CC7.1 — Vulnerability Detection: Organisations must demonstrate that critical vulnerabilities with public exploits are detected and tracked promptly. Failure to identify CVE-2026-31431 in your estate within a reasonable timeframe may constitute a control gap.
CC7.2 — Vulnerability Remediation: A public LPE with a 732-byte PoC exploit demands prioritised remediation. Auditors may scrutinise patch timelines for this vulnerability given its severity and exploit availability.
CC6.1 — Logical Access Controls: A vulnerability that allows any local user to become root represents a direct failure of the least-privilege principle. Container environments relying on namespace isolation for multi-tenancy must implement compensating controls.
CC6.6 — Logical Access Restrictions: Systems with multiple users sharing local access (shared CI/CD runners, developer VMs, jump hosts) require immediate mitigation or isolation.

ISO 27001:2022

A.8.8 — Management of Technical Vulnerabilities: Requires timely identification and remediation of technical vulnerabilities. CVE-2026-31431 should be assessed and remediated in accordance with your documented vulnerability management timescales.
A.8.15 — Logging: Detection of exploitation attempts requires appropriate kernel audit logging. Organisations should ensure auditd rules cover setuid binary execution and unexpected privilege escalation events.
A.8.22 — Segregation of Networks: Container escape capability reinforces the need for network-level controls between container workloads; isolation should not rely solely on kernel namespace separation.
A.5.29 — Information Security During Disruption: Emergency patching procedures should be invoked for this vulnerability. Organisations should document the decision-making process and timelines for auditors.

Conclusion

Copy Fail is one of the most broadly exploitable Linux kernel vulnerabilities disclosed in recent years. Its nine-year dormancy, trivial exploitation requirements, 100% reliability across all major distributions, and the immediate availability of a public proof-of-concept place it in the same tier as Dirty Pipe and Dirty COW — vulnerabilities that caused genuine disruption across the industry when disclosed. The difference here is that patches are already available, which means the window for remediation is open now. Organisations that act quickly can close this exposure before attackers incorporate it into commodity toolkits.

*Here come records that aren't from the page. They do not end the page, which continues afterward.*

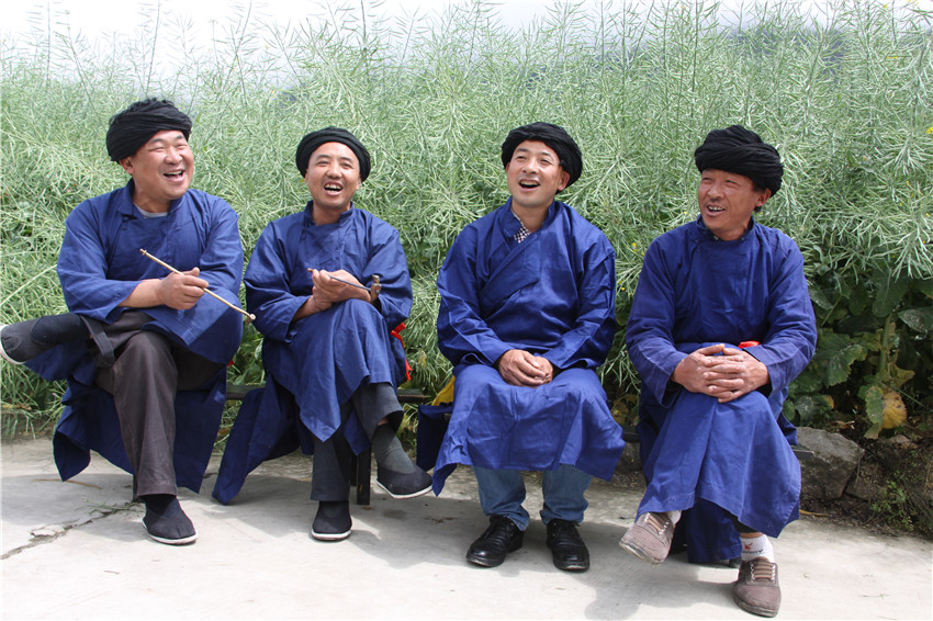 還未走進農家小院便聽見院落里傳來笑聲,笑聲爽朗且渾厚。走進院落,“葉子煙”(當?shù)厝俗灾频囊环N土煙)的香味彌漫在空氣中,四位頭裹黑布裝飾、身著藍色長袍的阿哥坐在槐樹下談笑風生。得知記者的來意,為首的阿哥將煙桿在鞋底敲了敲,熄滅煙火,便徑直走向堂屋里去了。不搭腔、不搭調的離開,這讓記者感到措手不及,正要喚他出來,他卻手捧自家屋里種的水果,熱情地和記者打起了招呼:“我們四個就是村里唱‘十二杯子酒’酒歌的人,就是圖個熱鬧,要聽‘十二杯子酒’,就得喝我們這里的土酒,今天沒有準備美酒,以水果帶酒招待遠方來的貴客,吃完水果咱們再來擺談?!?/p>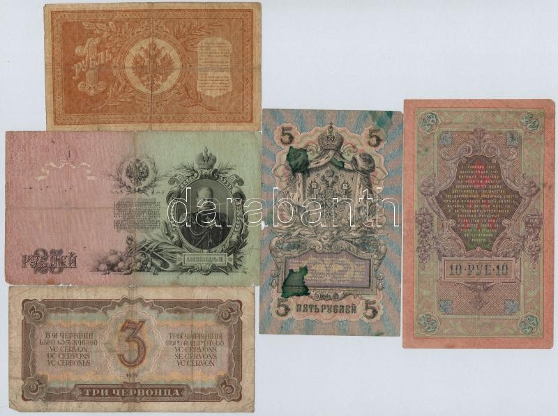 Beschreibung: Orosz Birodalom 1909-1912. (1909) 25R Szign.: Konshin + 1912-1917. (1898) 1R + (1909) 5R + 10R Szign.: Shipov + Szovjetunió 1937. 3Ch T:III,III-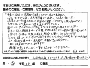 【三叉神経痛の痛みが楽になってまいりました!】Y.N様(60歳代女性)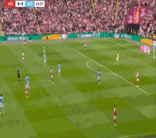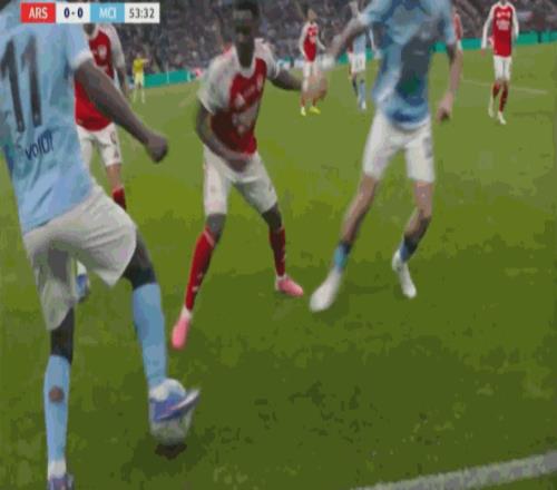 可惜的是,阿森納全場隻收獲3次角球,逼迫曼城10次犯規,其中一次角球機會,還是薩卡單打製造的: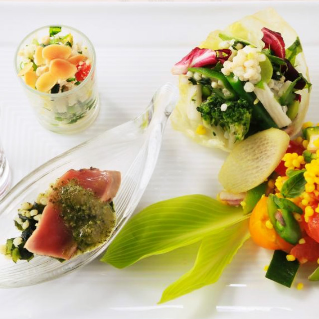 元々こちらの「シェフズ ライブ キッチン」では「ヘルシー・ビューティー・フレッシュ」をテーマにしていますが、佃料理長がソルガムきびの特色を活かすために様々なスパイスやフレーバー、食材を使い、サラダから料理、デザートに至るまで、16種類のメニューがラインナップされています。まさにメニューがこれまで以上に「ヘルシー・ビューティー・フレッシュ」になったという印象です。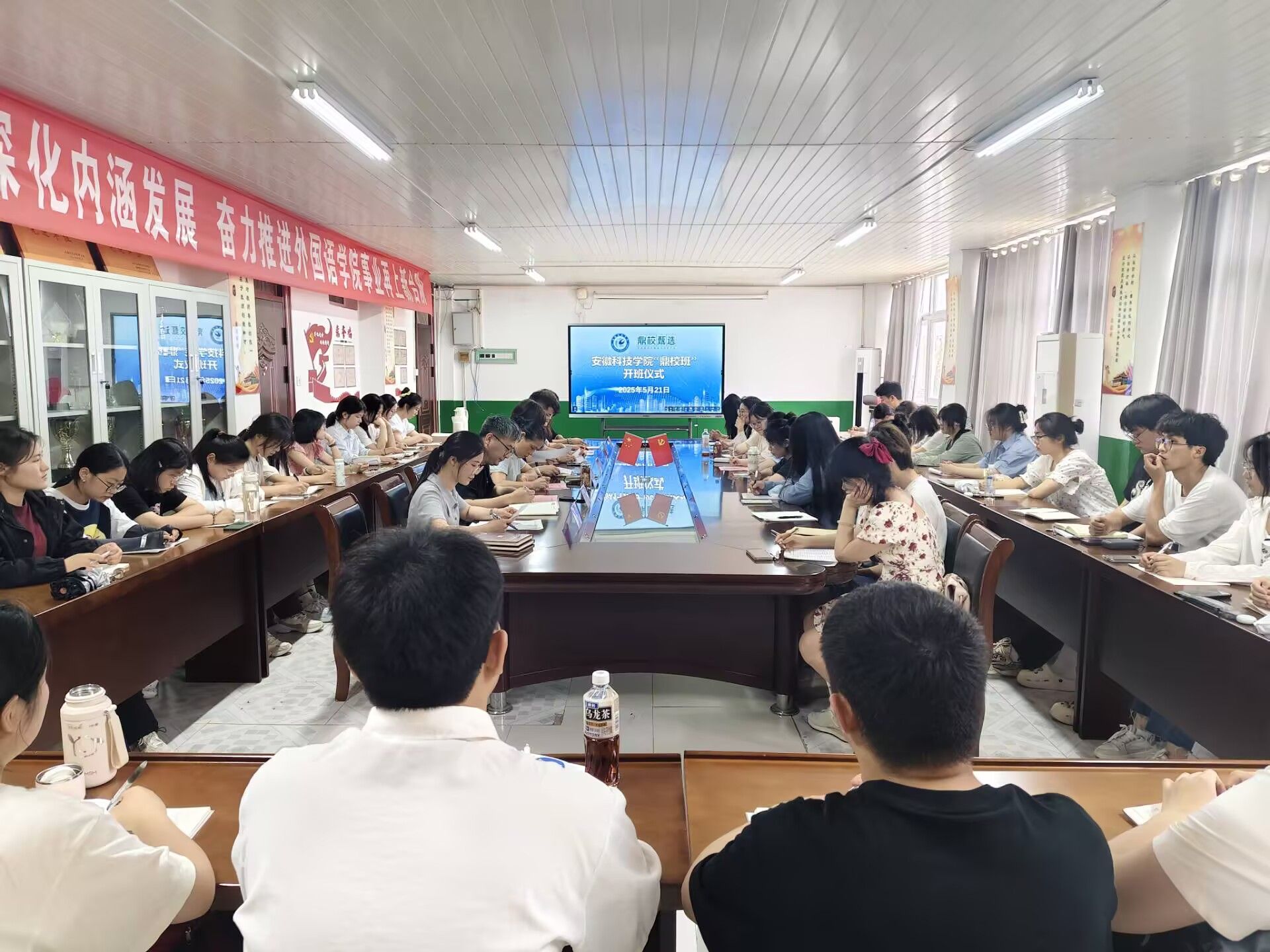 5月21日下午,我校“鼎校班”开班仪式在外国语学院会议室举行。外国语学院党政领导、安徽鼎校教育科技有限公司(以下简称“鼎校教育”)相关负责人以及“鼎校班”40名学员参与活动。开班仪式由学院党委副书记张海亮主持。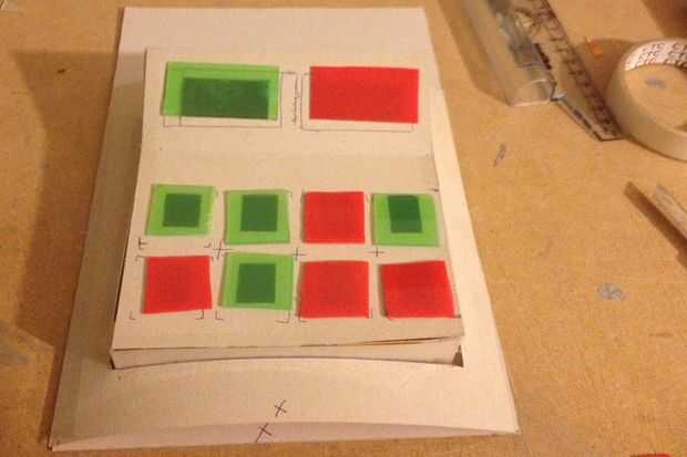 3.) para la sección de botón, cortó una hoja más de fino cartón 15 x 15.5 cm luego hacer un bend en 10 cm el largo 15,5 cm. En la sección plana de corte ocho plazas los 2x2cm. En la sección doblada 5 x 15 cortar dos rectángulos de 4x2cm. Ahora aplique el pegamento en las tiras de fijación y acople el los botones de la cubierta a la estructura.
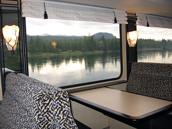 Don't worry about missing the sights. As you dine in the 1058, you might not get to see the Clark Fork River in western Montana, but you'll still get a visual treat through the big picture windows in the dining area. I know I have said it before, but I still love the lighting fixtures in the Holland America cars, like the sconce lights shown here.

The strategic takeaway is straightforward: if you run Linux, you are affected, and the only question is how quickly you can patch. The interim mitigation — disabling a single kernel module — is low-risk, takes under a minute, and requires no reboot. There is no good reason to leave systems exposed while patching is scheduled. Apply the module workaround today on any system that cannot be immediately rebooted, then complete kernel patching across your full estate within 48 hours.